US law usually requires companies to observe a quiet period of 40 days after an IPO, prohibiting the company and underwriters from making statements outside the scope of the prospectus.
Although SpaceX's prospectus mentions "trillion" 59 times, it doesn't contain these specific revenue forecasts. According to The Wall Street Journal, the two joint lead underwriters' forecasts are far more conservative: Goldman Sachs predicts $474 billion in revenue for 2030, and Morgan Stanley predicts $330 billion.

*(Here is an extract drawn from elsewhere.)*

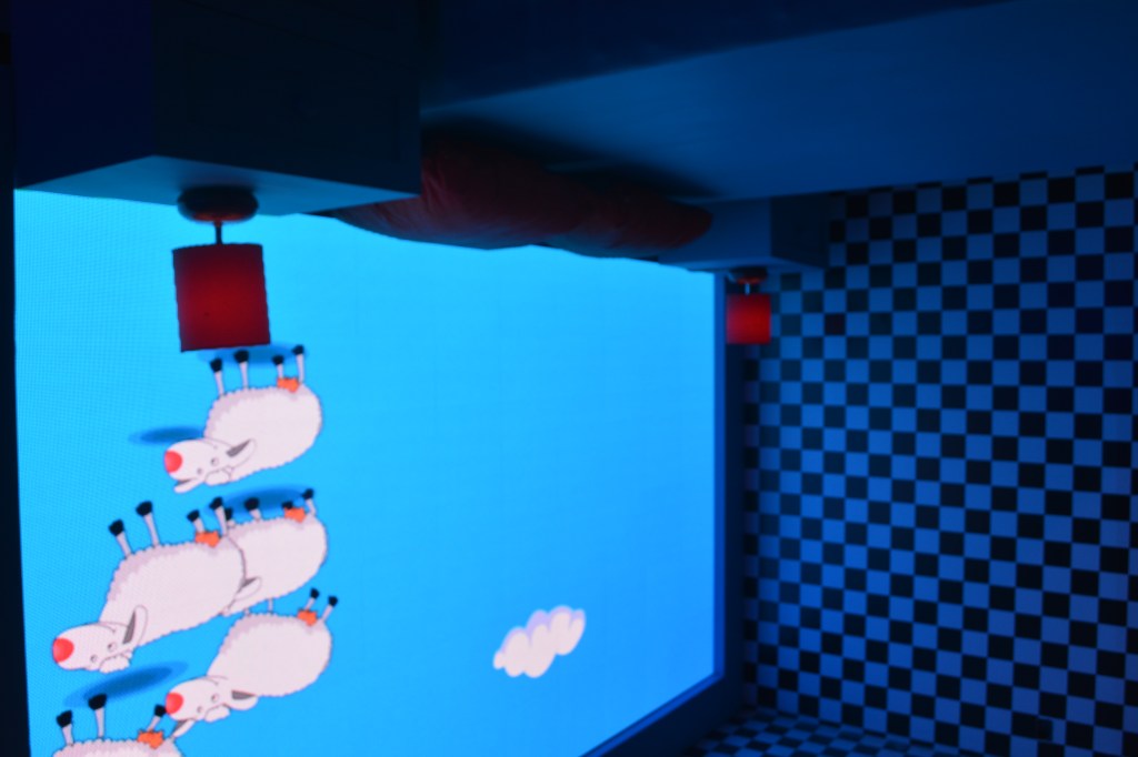 Continuando con la visita de las siguientes siete salas, lo que se encuentra a la entrada de la primera es un leyenda que dice: “que apaguen las luces y enciendan las estrellas”; otro de los espacios se llama “noche de insomnio”.

How the SEC will handle this potential violation is still unclear. Last month, Musk already reached a settlement with the SEC over the timing of his Twitter stock purchase disclosure, paying a $1.5 million fine, while the SEC had originally sought as much as $150 million.
SpaceX's full-year revenue last year was $18.7 billion—a more than 50-fold gap from Musk's trillion-dollar target. Two recent major deals—one with Google for a 32-month cloud service agreement at $920 million per month, and another with Anthropic for a three-year Colossus data center compute leasing agreement at $1.2 billion per month—will support revenue growth, but whether they can bridge the gap remains an open question.
Unlocking Timeline: Late June as the First Threshold
The strong performance of the stock price at this stage will face a real stress test at the end of June.
According to the IPO lockup schedule, early investors can sell up to 20% of their holdings after the second-quarter earnings report on June 30; thereafter, further sales can be phased over the next six months. Musk's personal lockup lasts one year.
At that time, once the short-term support from retail short-squeeze sentiment fades, SpaceX's share price performance will depend more directly on the market's rational pricing based on fundamentals. History tells us that becoming the world's largest company by market cap is never the finish line of victory—for trillion-dollar giants, it's often the starting point where risks begin to accumulate.